At the water’s edge sat a modest, weathered gray shingled cottage-style clubhouse that looked as if it had been built in the 1930s. Mitch got out, corn bucket in hand, and made his way around to the beach-side on a raised wooden walkway, passing through a portal directly into a different time and place. Here, on a wide wooden dining porch beneath a striped blue awning, Mitch found properly attired club members being served their proper lobster dinners by hushed, respectful waiters in white jackets. Proper attire for men was apparently defined as a madras sports jacket and Nantucket red pants. Proper attire for women was anything Katharine Hepburn might have worn to a summer concert under the stars in, say, 1957. A rathertinny sound system was playing soothing, vaguely Polynesian-sounding music. Not a single one of these members was under the age of seventy. Actually, not many appeared to be under the age of eighty. They seemed lifelike enough, although none of them actually spoke and all of them moved in slow motion, as if this were a dream. Standing there on the walkway with his bucket, Mitch had the astonishingly powerful feeling that this was a dream, that none of it was real, just his own Jewish schoolboy fantasy of what a private club like this might have been like in bygone days.
Mitch had experienced these paranormal phenomena several times before since he’d moved to this place. He’d taken to calling them Dorset Interludes.

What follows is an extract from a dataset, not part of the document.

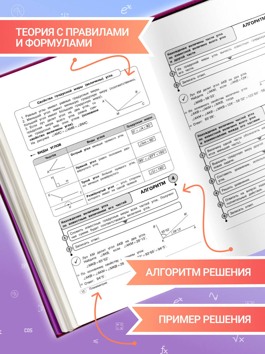 Перед алгоритмом приводится только важная теория по теме с необходимыми правилами и формулами. Сам алгоритм поделен на четкие шаги, следуя которым можно справиться с любой задачей по геометрии. После алгоритма расположены пример решения типовой задачи, а также задания для самостоятельного выполнения. Такой подход к занятиям поможет быстро выработать навык уверенного решения любых типов задач на уроках и контрольных.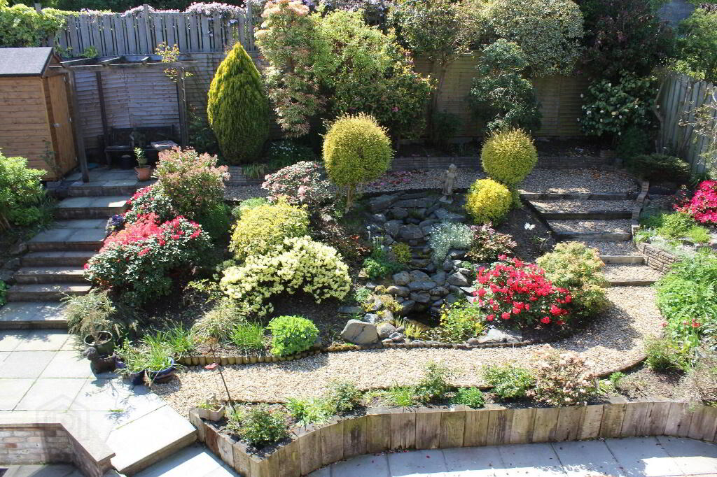 Mostly South facing rear in a fantastic display of rockery with small flower beds and shrubbery and patio area.

Dodge had instructed him to continue past the dining porch to the long wooden veranda that faced the sand. Here there were showers and changing stalls, a cold drink stand and other amenities for beachgoers. Umbrella tables and built-in barbecue grills were provided for members who wanted to cook out and eat right there on the beach. It was all pretty unassuming considering just how exclusive the beach club was. Three letters of recommendation and a certified check for $10,000 were required-and that was the easy part. The hard part was that the membership roll capped out at a strict maximum of two hundred families, meaning that in order to get in you had to know people and then those people had to die. Not that it looked as if it would necessarily be a long wait, given the median age of the members who were politely gumming their lobster and corn back there on the dining porch.

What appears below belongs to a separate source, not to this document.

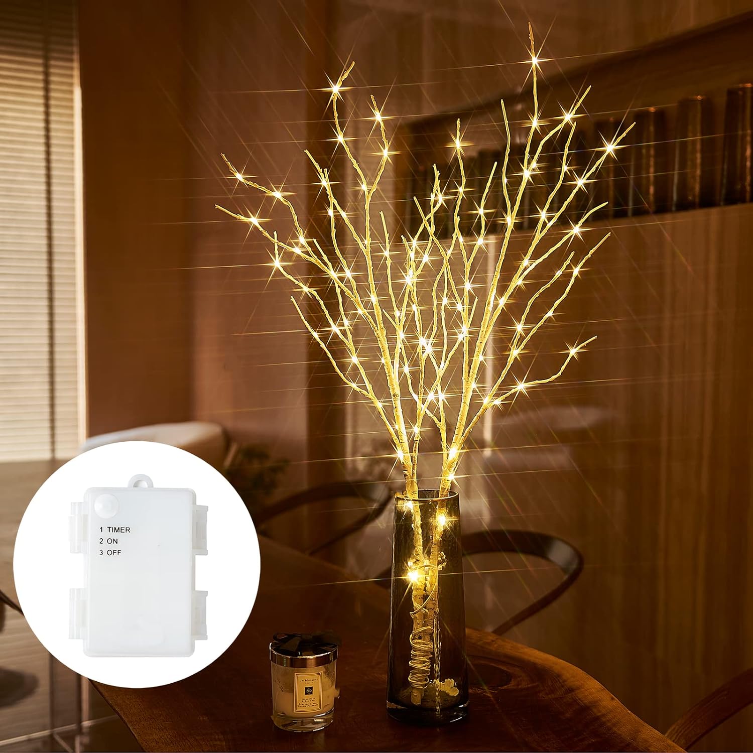Birchlitland Lighted Birch Branches 32IN 100 LED with Timer Battery Operated, Artificial Tree Branch with Warm,Willow Branch Lights for Home Bedroom Fireplace Christmas Holiday Decoration

Of course, the main attraction of the club was the beach itself- and a very nice, wide stretch of clean white beach it was, the sand so immaculate it looked as if it were raked hourly. No trash, no doggy poop, and above all, no beer-bellied pipe fitters from New Britain with their loudmouthed wives and squalling kids. Only the right sort of people were to be found on this beach. People who belonged here. Mitch didn’t and he never would and he knew this. But he plodded his way toward the barbecue grills anyway, footsteps thudding heavily on the wooden walkway. He was not here to fit in. He was here to bury the hatchet with Tito Molina.

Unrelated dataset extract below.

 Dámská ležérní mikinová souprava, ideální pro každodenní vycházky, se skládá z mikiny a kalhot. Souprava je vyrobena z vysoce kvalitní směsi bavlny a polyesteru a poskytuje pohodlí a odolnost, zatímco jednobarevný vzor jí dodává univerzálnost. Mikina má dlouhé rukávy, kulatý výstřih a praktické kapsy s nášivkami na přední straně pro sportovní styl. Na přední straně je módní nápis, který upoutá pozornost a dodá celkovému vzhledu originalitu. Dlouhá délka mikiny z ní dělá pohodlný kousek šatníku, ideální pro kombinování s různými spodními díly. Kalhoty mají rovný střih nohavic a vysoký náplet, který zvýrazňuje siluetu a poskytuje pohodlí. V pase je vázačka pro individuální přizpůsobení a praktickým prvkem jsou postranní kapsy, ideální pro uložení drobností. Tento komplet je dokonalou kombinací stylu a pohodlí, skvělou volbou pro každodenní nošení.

The Crocketts had commandeered two umbrella tables at the far end of the veranda, where they were sharing a pitcher of iced margaritas with Will and Donna and Jeff. Tito and Esme hadn’t arrived yet. A big spread of cheeses and crackers was laid out on the table. No one seemed to be touching any of it. They were too busy drinking and talking, their eyes bright, voices animated.
“Hey, it’s macho man,” called out Donna, who was the first to spot him.
“Mitch, you look like you just went three rounds with Roy Jones Jr.,” observed Will.